While there is still much debate as to the exact causes of the Great Depression, there is no doubt that it began with a decline in industrial production in early 1929. However, this decline did not necessarily mean that a depression was inevitable, for example, similar downturns had been experienced in 1907 and 1921 without the devastating effects of a depression. This industrial downturn in 1929, however, was caused by the Federal Reserve's "contractionary monetary policy in 1928 and 1929," (Temin) which attempted to stop what the Fed viewed as a speculative upswing in stock prices. In other words, the Federal Reserve restricted the flow of capital in order to reduce what they saw as an over-inflated stock price bubble. While the boom in the stock market may or may not have been a speculative bubble, the Fed's tightening of credit is commonly blamed for the decrease in industrial production in early 1929.
This initial downturn in the economy which became apparent by mid-1929, was not necessarily destined to turn into a
full blown depression. The economy was indeed fragile, but it was four other events which, in addition to the Fed's actions, pushed the American economy over the edge into the Great Depression.
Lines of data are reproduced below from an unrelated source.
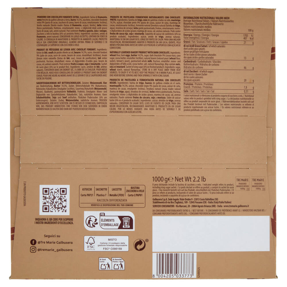 Farina di frumento Uova fresche da galline allevate a terra Burro 14,5% Zucchero Cioccolato fondente extra 9% (pasta di cacao, zucchero di canna, burro di cacao, emulsionante: lecitina) Lievito naturale [lievito madre (farina di frumento, acqua), lievito] Latte intero fresco pastorizzato Fruttosio Emulsionante: mono- e digliceridi degli acidi grassi Burro di cacao Sale Aromi naturali Può contenere frutta a guscio, soia e senape Zucchero a velo in bustina (6% sul prodotto finito). Ingredienti: zucchero, amido di frumento, aromi naturali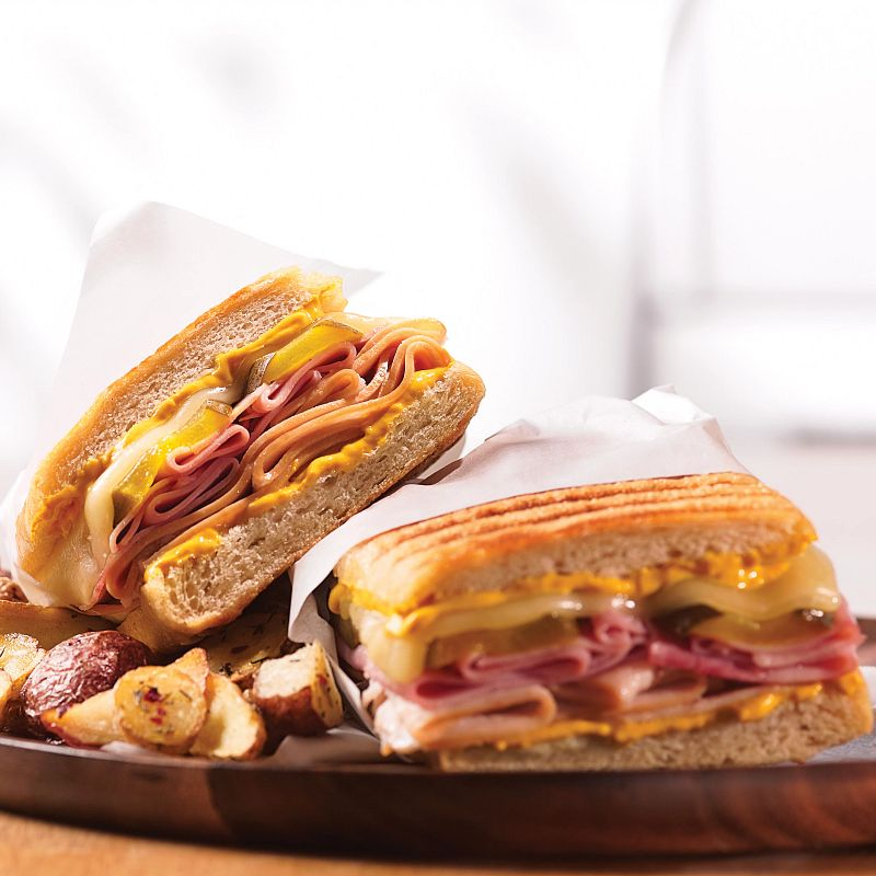 Delicioso perro sencillo, sándwich estilo cubano sencillo y burger sencilla.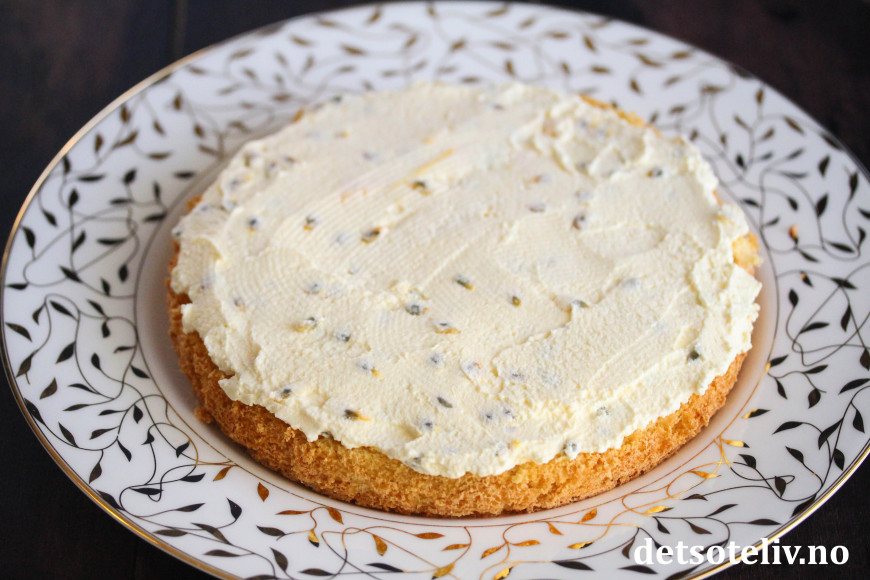 ♥ Hvis du vil, kan du dynke kakebunnene med litt melk eller appelsinjuice før du fyller kaken med pasjonsfruktkrem.

The first event was the crash of the stock market on October 29th 1929, next came the Smoot-Hawley tariff of 1930, then came the "first banking crisis," and ultimately "the worldwide collapse of commodity prices." (Temin) While the stock market crash was devastating, it alone was not enough to cause the Great Depression, as other equally devastating stock market downturns had been survived.
Alas the Smoot-Hawley tariff, while causing harm to the American economy, was also not significant enough to single-handedly cause a depression. But these two factors, combined with three separate banking crisis', the first of which occurred in December 1930, began a series of bank failures which rocked the American economy, and by early 1931, America was in depression. Still, this depression could have been shorter than what was experienced if there had not been a complete collapse in commodity prices. American industry may have been able to weather the bad economic times but combined with the failure of the banks and the collapse of the price of commodities, mainly agricultural, the United States headed into a depression which would be more devastating and longer than any economic depression ever suffered in America.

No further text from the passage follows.